Citations from this paper used in the wiki

  • “16% of colorectal carcinomas were found to be hypermutated: three-quarters of these had the expected high microsatellite instability, usually with hypermethylation and MLH1 silencing, and one-quarter had somatic mismatch-repair gene and polymerase e (POLE) mutations.”
  • “Excluding the hypermutated cancers, colon and rectum cancers were found to have considerably similar patterns of genomic alteration.”
  • “Twenty-four genes were significantly mutated, and in addition to the expected APC, TP53, SMAD4, PIK3CA and KRAS mutations, we found frequent mutations in ARID1A, SOX9 and FAM123B.”
  • “An amplicon at 17q21.1, found in 4% of the tumours, contains seven genes, including the tyrosine kinase ERBB2.”

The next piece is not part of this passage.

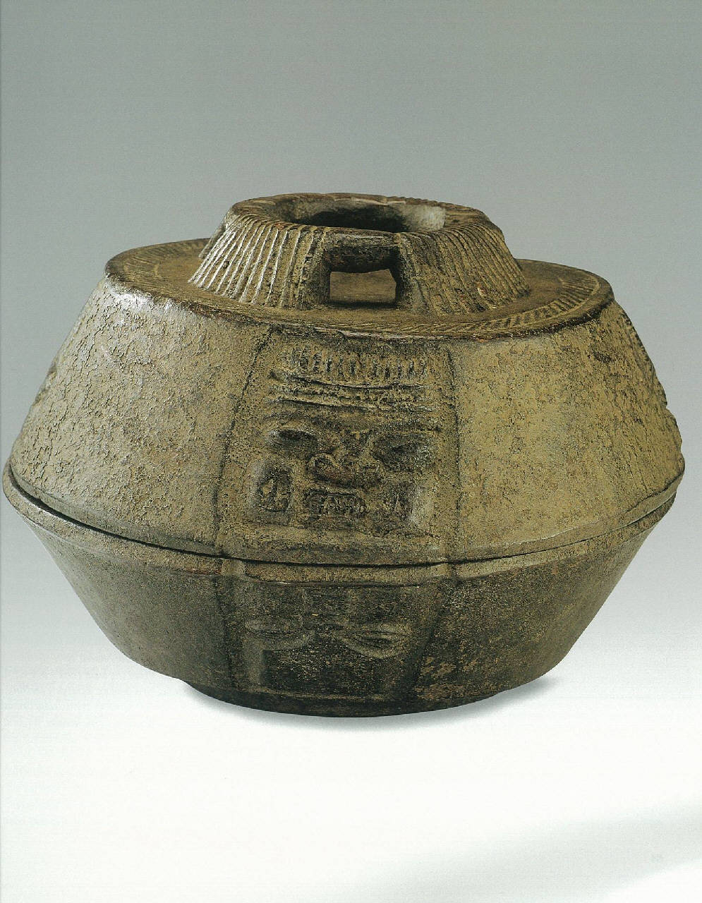 Recipiente per divinazione in forma di scatola tonda. All'esterno è riprodotto a basso rilievo un volto.

  • “We found a pattern of near exclusivity (corrected P < 0.01) of IGF2 overexpression with genomic events known to activate the PI3K pathway.”
  • “We found that the WNT signalling pathway was altered in 93% of all tumours.”
  • “We found that 55% of non-hypermutated tumours have alterations in KRAS, NRAS or BRAF, with a significant pattern of mutual exclusivity.”
  • “Co-occurrence of alterations involving the RAS and PI3K pathways in one-third of tumours (P = 0.039, Fisher’s exact test).”